SOS jokes
Yo mama so ugly, her birth certificate was an apology.
Check out my new song. It’s called “Nlggas in the hood,” and it’s really good, so go listen.
Why are so many people making fun of people with wheelchairs?
Because they can’t stand up for themselves.
Your forehead is so big, you got an eight-head.
Badminton: Your breath is so bad that you have to take a mint before you go on Fortnite.
Memes
So two dudes were at a bar and out of nowhere they hear, "Oi mate, talk to me like that again, I'm gonna shove this stick so far up your ass you'll look like a Popsicle."
Yo mama so fat, when she jumped, gravity was no more.
Hey Alya and JK Master, how are you guys doing? No one being an ass to you guys today, right? If so, I'll beat them up :)
Yo mama so fat, she can't pick up a dumbbell... the dumbbell pick her up.
I don't even like ketchup, so it stays stinky.
Yo mama is so hairy that she brushed it like her hair and put pins on it.
Account for me too, baby👧! Is so cute together with game slot jokes.
Hi good morning, Alex, are you on?

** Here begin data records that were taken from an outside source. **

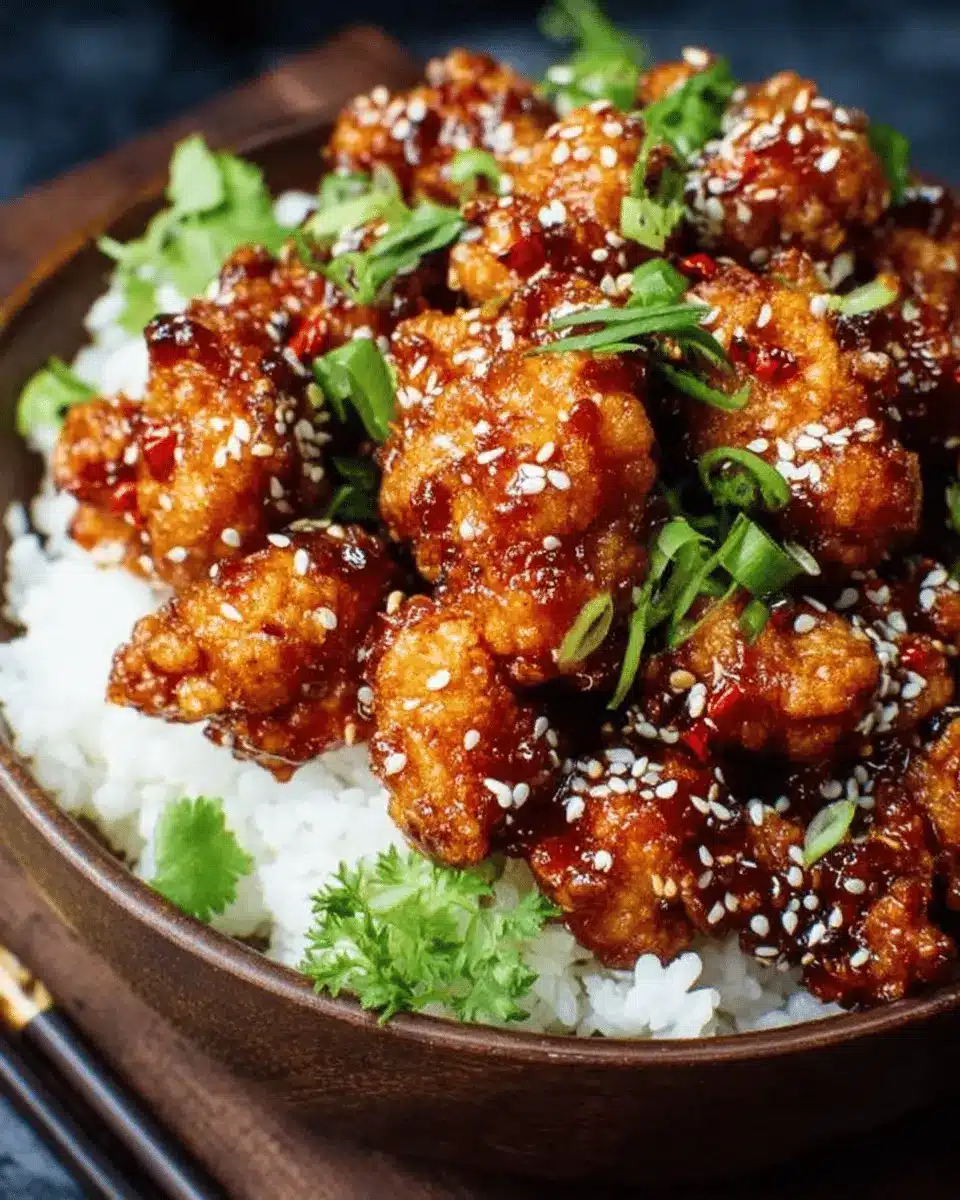 Finally, serve your crispy sesame chicken over boiled rice, garnishing with sesame seeds and spring onions for that extra touch. Trust me; your taste buds will thank you!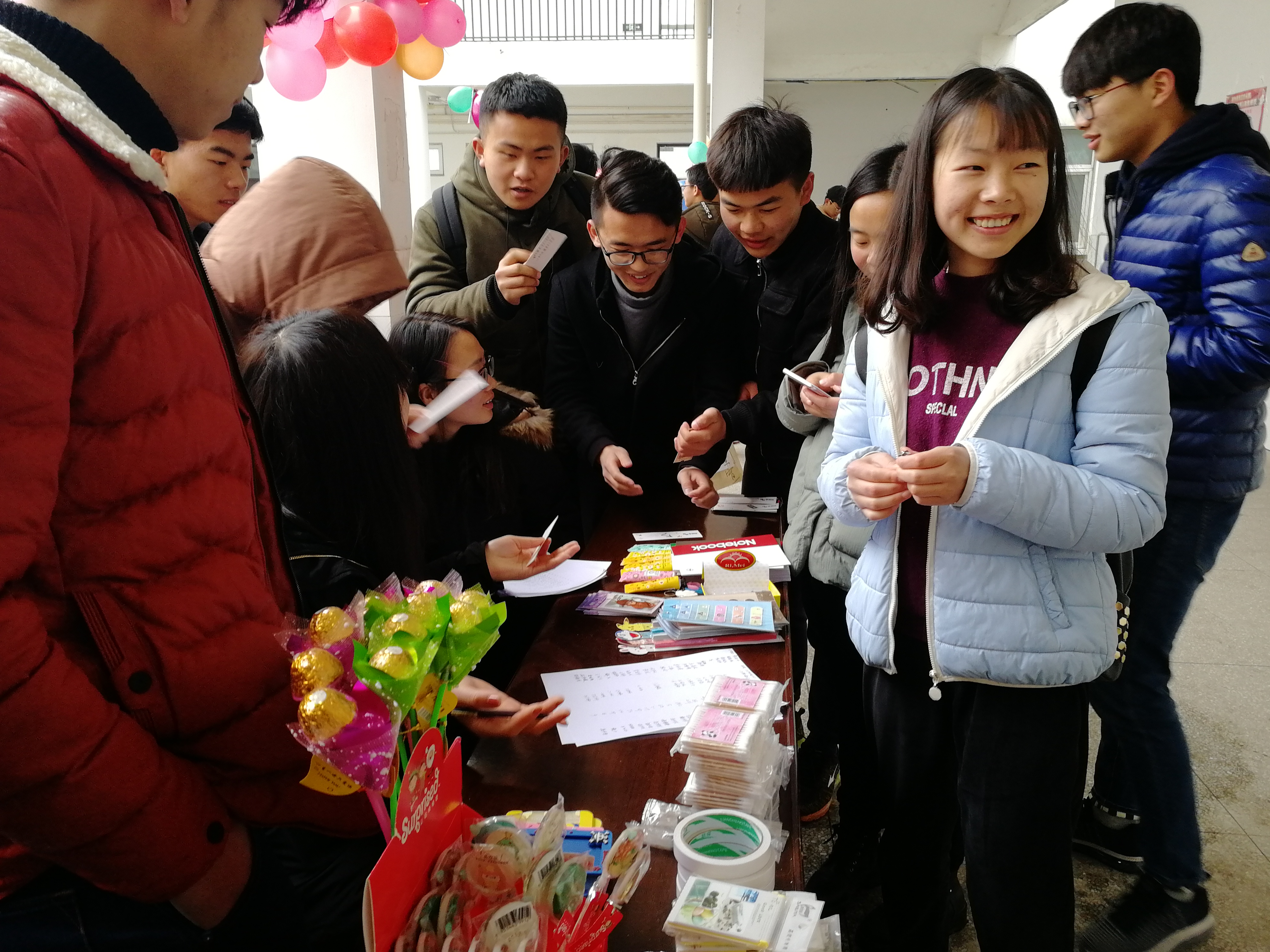 200多条涉及文字、成语、动物、日常用品、水果等的灯谜与五彩气球将博弈楼四周进行了装点,有趣而通俗的谜面吸引广大师生驻足参与,猜对谜题可领取精美礼品,活动现场洋溢着欢乐、喜庆的节日气氛。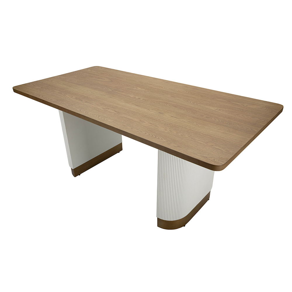 Dieser Esstisch ist eine tadellose Synthese aus Stil und Funktionalität , ein Möbelstück, das mit seiner diskreten und doch unverwechselbaren Präsenz jede Umgebung bereichert. Die MDF-Oberfläche in warmen Naturtönen kontrastiert harmonisch mit der weißen Basis mit vertikalen Rillen und bietet eine raffinierte visuelle Textur und ein Design, das von den Elementen der klassischen Architektur inspiriert ist.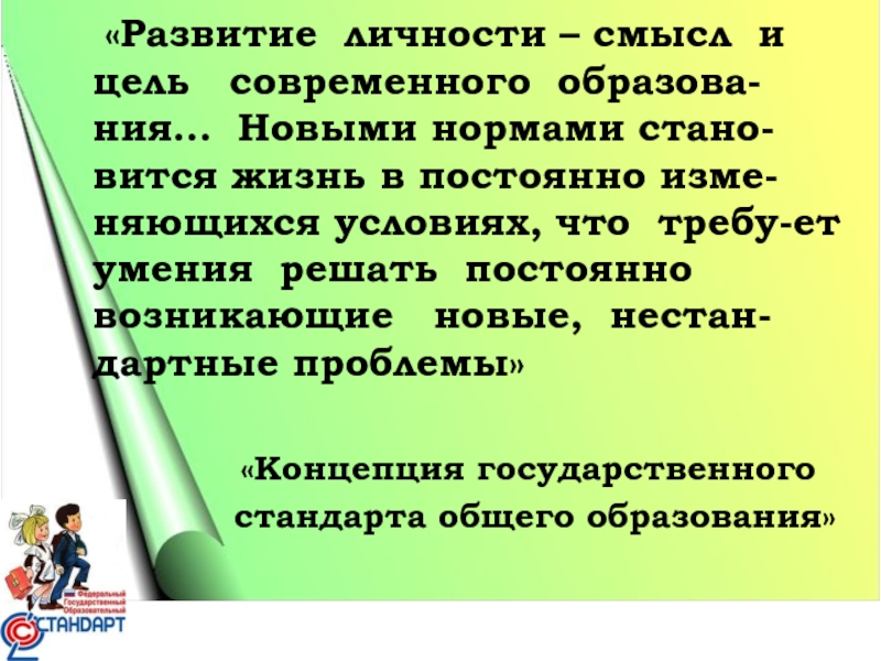 Слайд 6 «Развитие личности – смысл и цель современного образова-ния…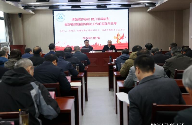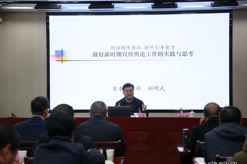 本网讯(党委宣传部通讯员 叶惠玲)为深入学习宣传贯彻党的二十大精神,落实好习近平总书记关于宣传舆论工作的重要论述,12月7日上午,学院特邀省委宣传部副部长、省政府新闻办公室主任郑明武在至公楼三楼视频会议室作《增强媒体意识 提升引导能力 做好新时期宣传舆论工作的实践与思考》主题宣讲报告。党委书记李方泽主持会议,学院领导班子成员,组织员、教学督导,各部门主要负责人、各二级学院党政主要负责人参加会议。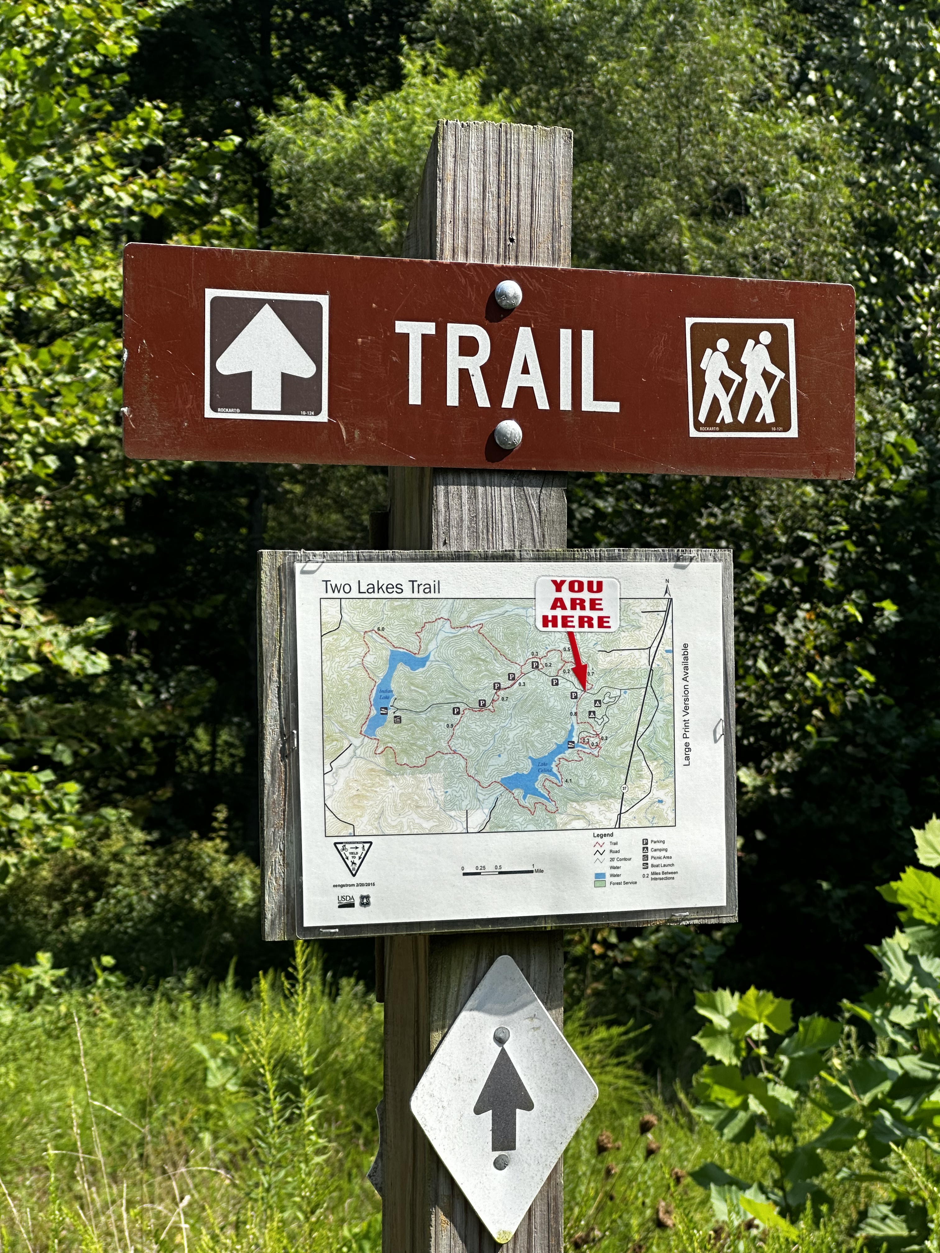 I was beginning to feel the tedium of endless spider web battles and walking through overgrowth when I finally spotted the lake through the trees. To the left, a sign warned there was a path infested with ticks, which was scary, but also made me think, great! In that case maybe the path I came from WASN’T infested.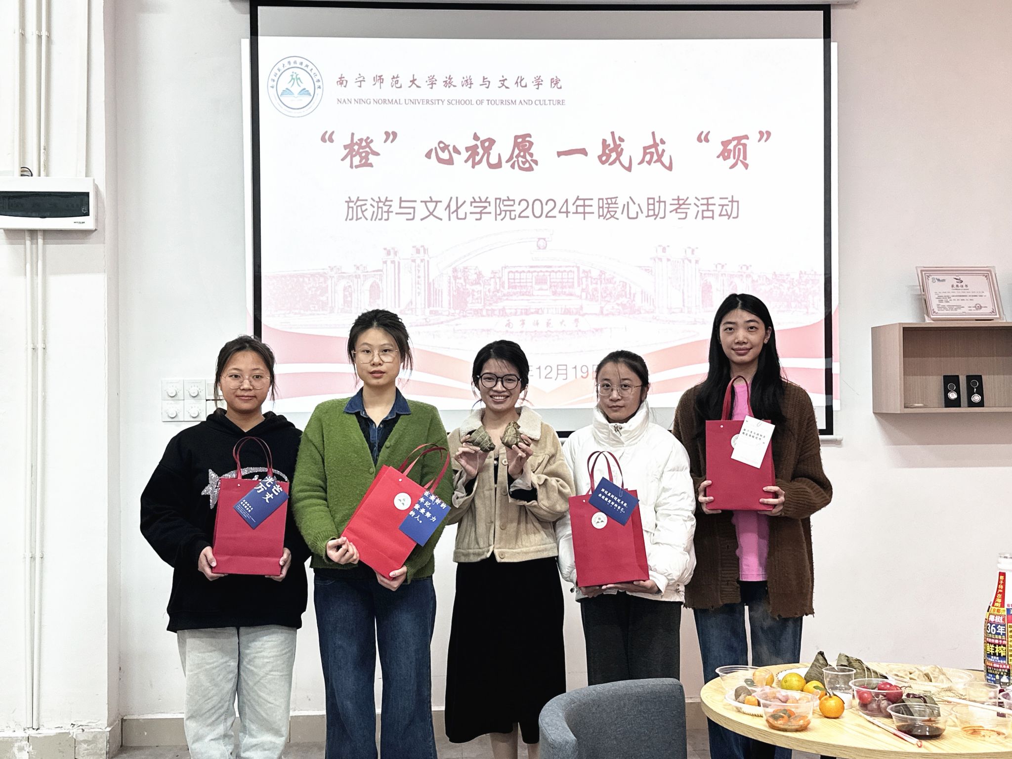 此外精心准备的礼物发放环节更是将活动推向了高潮。学院为考研学子们准备了精心定制的“考研加油包”。在定制的礼物袋中,每一样物品都饱含深意。旺仔寓意着“旺”运当头,希望学子们在考试中能够超常发挥,收获理想的成绩;橙子谐音“成”,代表着“一战成‘硕’”的美好祝愿;暖宝宝在寒冬之际为学子们送去身体上的温暖,也象征着学院始终是他们坚实的后盾,给予心灵的慰藉;可爱的杯子则寓意着一辈子的友情与学院对他们永恒的支持,无论结果如何,他们都永远是学院大家庭中备受珍视的一员;励志卡片上写满了对学子们的鼓励与期许,那些真挚的话语如同一束束光,照亮他们前行的道路。每一份礼物都经过精心挑选和包装,承载着学院师生对考研学子深深的牵挂与祝愿。收到礼物的同学们感动不已,纷纷表示这些礼物不仅实用,更让他们在紧张的备考中感受到了来自学院大家庭的温暖与支持,增强了他们面对考试的信心和勇气。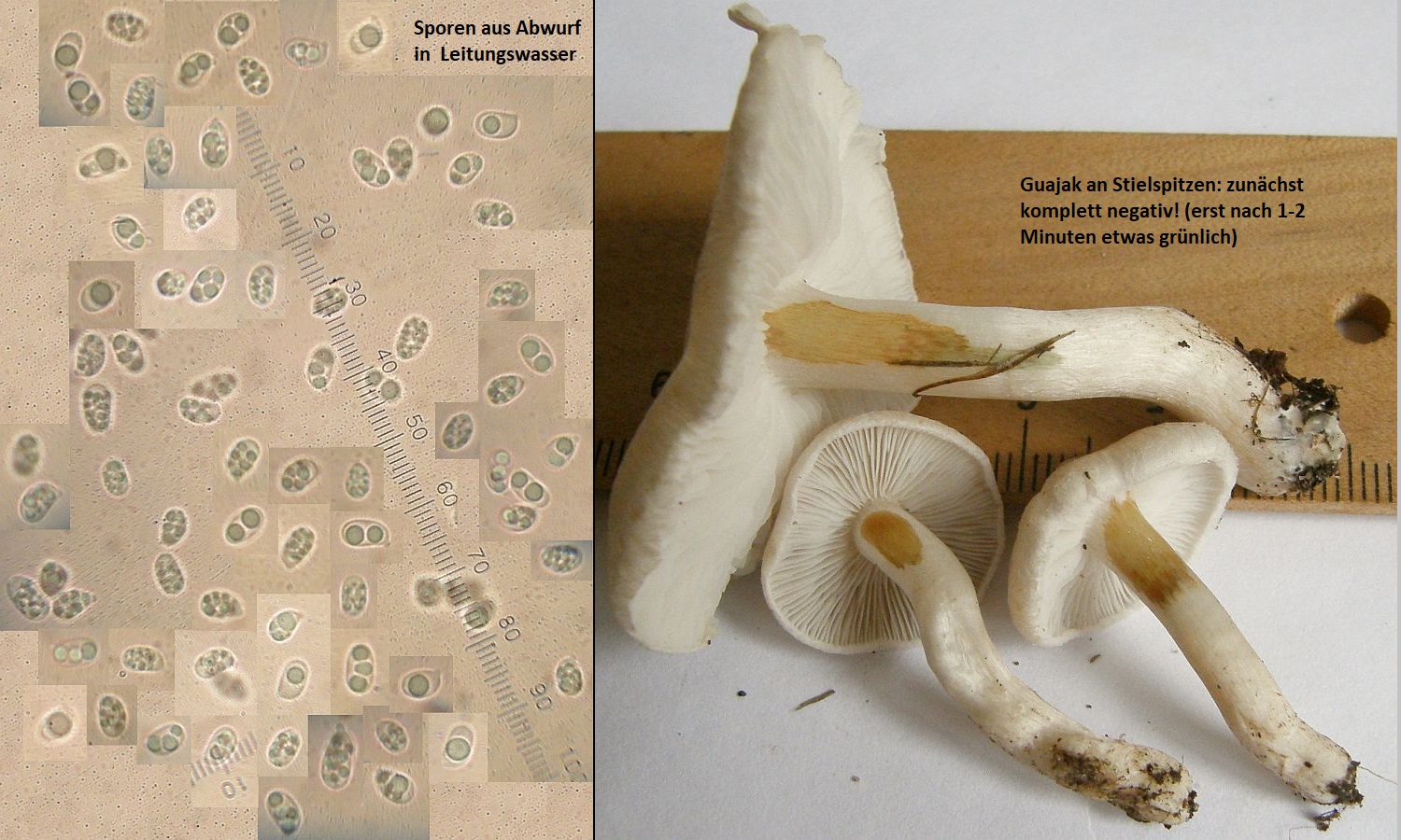 Mehlgeruch, kombiniert mit winzigen Sporen (selten länger als 5 µm) und den praktisch weissen Lamellen.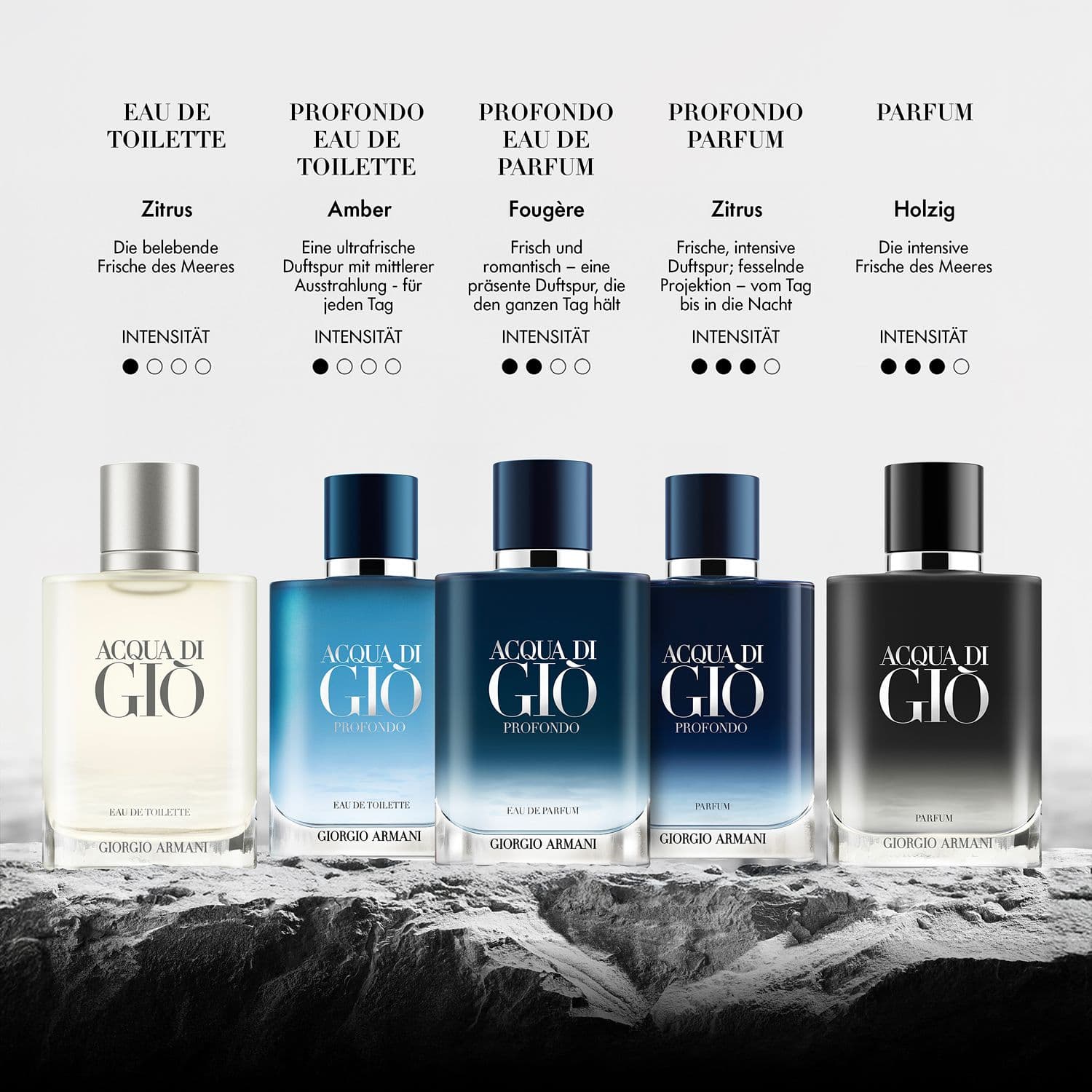 Acqua di Giò Profondo von GIORGIO ARMANI ist ein Eau de Parfum, das die tiefgründige Intensität des Meeres einfängt. Diese Komposition verkörpert eine maskuline Aura und lädt zu einem Sprung in kühles, tiefblaues Wasser ein.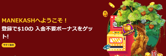 通常、他のオンラインカジノではボーナスを使ってジャックポット機種をプレイすることは禁じられていますが、manekashの場合はOKです。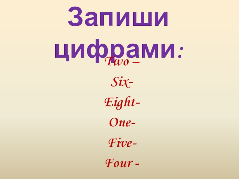 Запиши цифрами:Two – Six-Eight-One-Five- Four -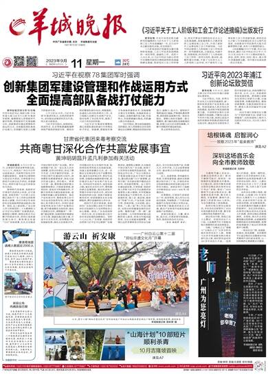 中共广东省委主管、主办 羊城晚报社出版 1957年10月1日创刊 2023年9月11日 癸卯年七月廿七 星期一 责编/林圳 美编/丘淑斐 校对/姚毅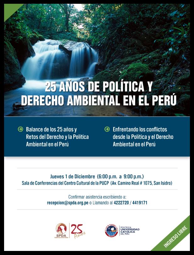 La Sociedad Peruana de Derecho Ambiental (SPDA), en el marco de sus actividades académicas por sus 25 años de vida institucional, realizará la conferencia “25 años de Derecho y Política Ambiental en el Perú”, un evento que tiene como fin destacar los retos del derecho y la política ambiental pendientes en nuestro país.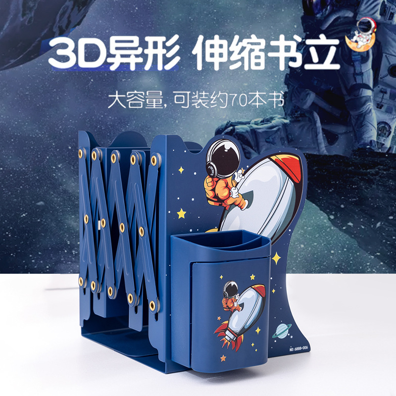 銘強は筆立ての創意を押して伸縮して本棚の金属を畳んで本棚の事務学生を見て文房具を収納します。

This is So Chat...
"Bunny was so hopping to see you this week."
Ok, ok, who is trying to be my "long lost brother"? Because last time I checked, I didn't have any sisters or brothers, so stop trying to steal my fame from me and give up. A lot of other people already know you are fake, so get off this website OR JUST STOP!!!
Yo mama is so fat that every step she takes in the ocean creates a tsunami!
Yo mama so stupid, she couldn't comment on this website because she didn't know the 2x4 check!
So when Kim Kardashian went into the ocean, the lifeguard said, "No plastic littering!"
Orphans are humans like everyone else, so suck it up, rude jerks!
Man: *behind the women* She's so ugly!
Woman: My back is not a voicemail, unless you're a coward and can only say it behind my back to my face.